• _Task directions_: Given the records underneath, please repeat exactly the lines from the line with "Merk: Injeksjonstørk, injeksjonskanyler" through the line with "Аналогично, если v(Xi,Sj)", passing over any picture.

• _Supplied material_:
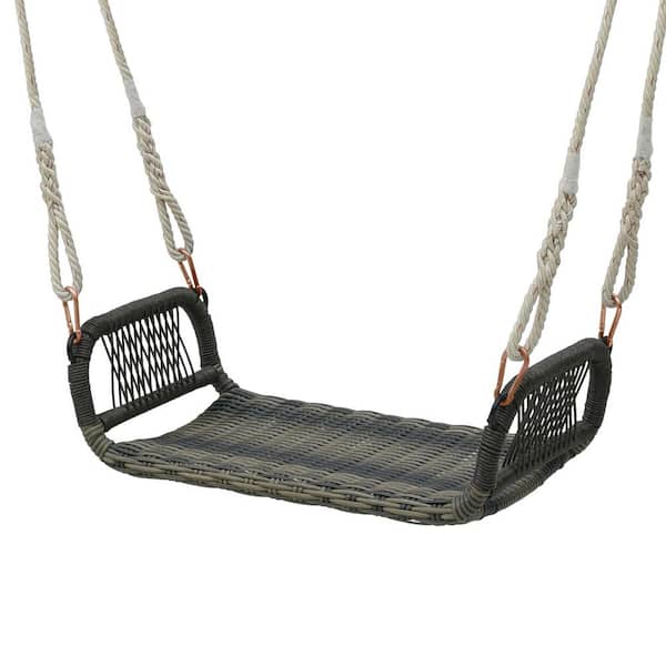 1-Person Rattan Porch Swing Chair Bench with Hanging Hemp Ropes Mix Brown PE Rattan
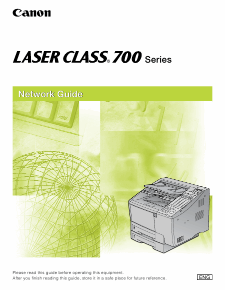 Descargar CANON LASER CLASS 700 Series (Network Guide) Guía del usuario Inglés (108 Páginas) 15.90 EUR
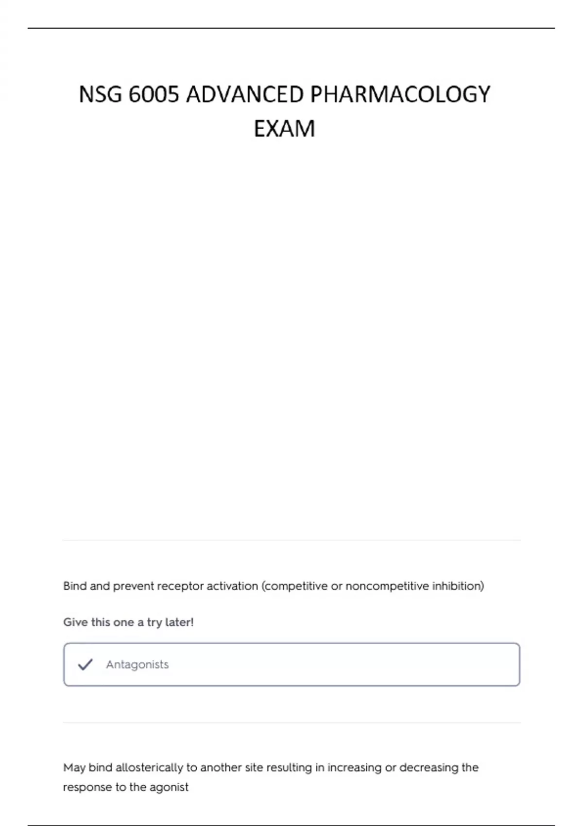 NSG6005 ADVANCED PHARMACOLOGY QUIZ 1 EXAM QUESTION & CORRECT VERIFIED ANSWERS
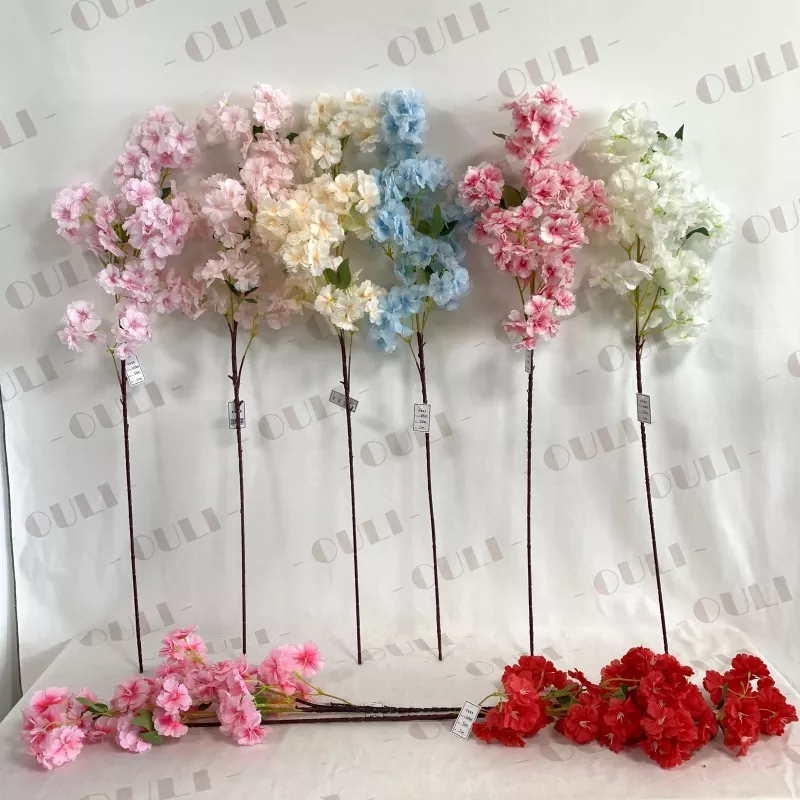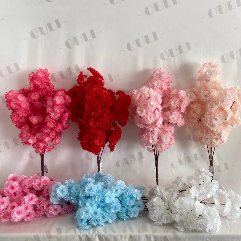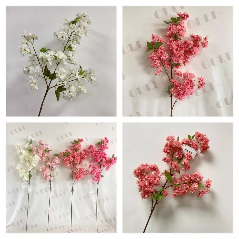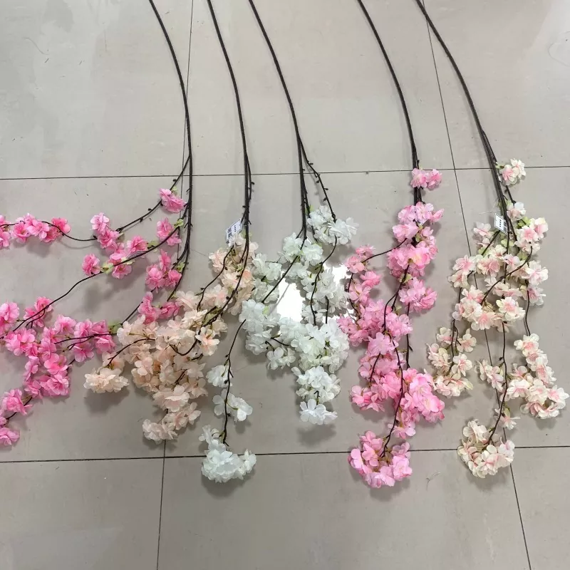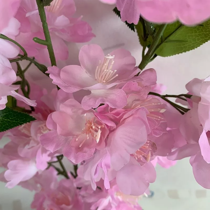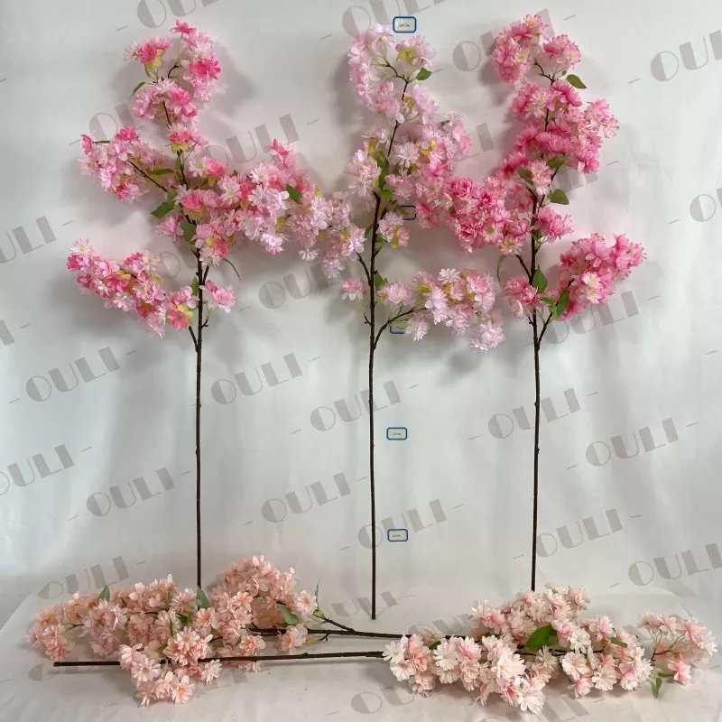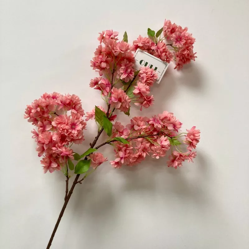 Keinotekoisissa kirsikankukka-oksissa on kolme kerrosta silkkilehteitä, vaaleanpunaisia ​​kärjessä, viiden haaroitettuja oksia ja neljä sarjaa vihreitä lehtiä. Seisotaan noin 63 cm (noin 2 tuumaa) pitkä, se sopii moniin asetuksiin, mukaan lukien kodinsisustus ja häät.
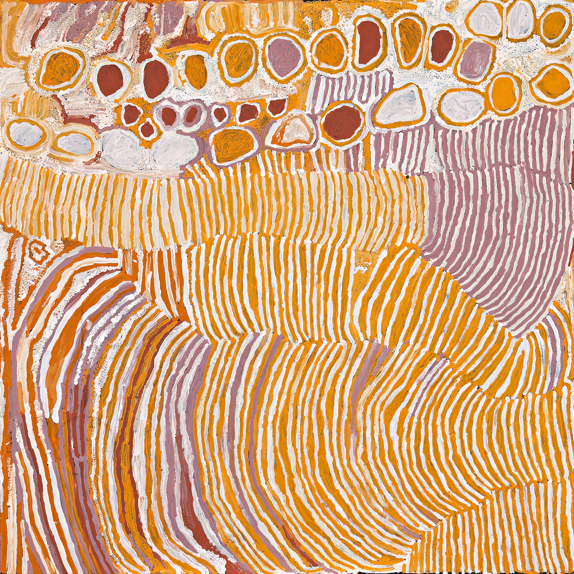 In Kungka Kutjarra (Two Women), 2000, Makinti Napanangka combines graphic motifs that dominated her earlier paintings–series of outlined circular forms, here denoting rockholes – with the bands of parallel arcs that became the hallmark of her later work. The rockholes were formed by Kungka Kutjarra, two ancestral women, at a site south of Lake MacDonald while digging for Kuningka, the Western Quoll. The bands represent the strands of spun hair string that make up the nyimparra or skirts worn by women in ceremony. The tactility of the paint in this picture suggests the practice of drawing in the sand to a narrative accompaniment, and the rhythms of the bands of arcs echo the sway of the skirts as women dance.
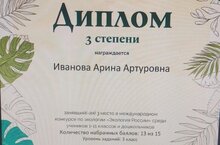 Ученица 3Б класса Иванова Арина приняла участие в Международном конкурсе по экологии "Экология России" среди учащихся 1-11 классов и заняла 3 место!
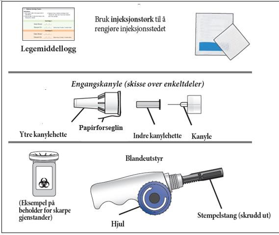Merk: Injeksjonstørk, injeksjonskanyler og beholderen for skarpe gjenstander er ikke inkludert i pakningen.
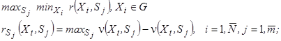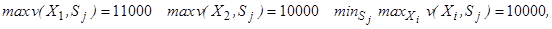 Аналогично, если v(Xi,Sj) - выигрыш, то по максиминному критерию выбирают решение
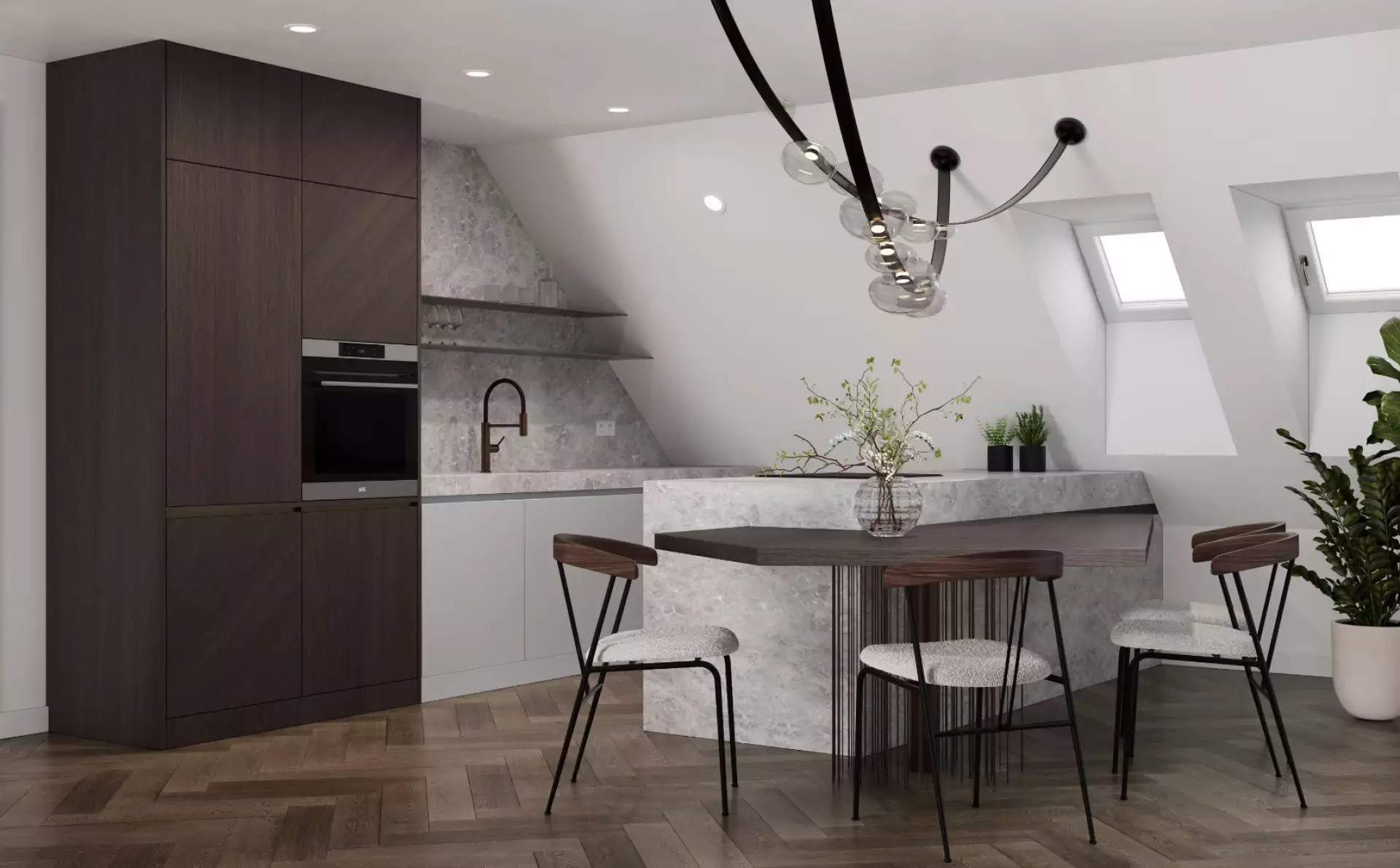 The eight floors of this sensitively renovated residence will feature only 24 single-story residential units ranging from 2+kt to 4+kt. Each apartment has been designed by leading architects from the SMLXL studio with an exceptional emphasis on high-quality materials, technical precision, and timeless aesthetics. The interiors stand out with their thoughtful use of space and modern standards.

• _Answer_:
Merk: Injeksjonstørk, injeksjonskanyler og beholderen for skarpe gjenstander er ikke inkludert i pakningen.
 Аналогично, если v(Xi,Sj) - выигрыш, то по максиминному критерию выбирают решение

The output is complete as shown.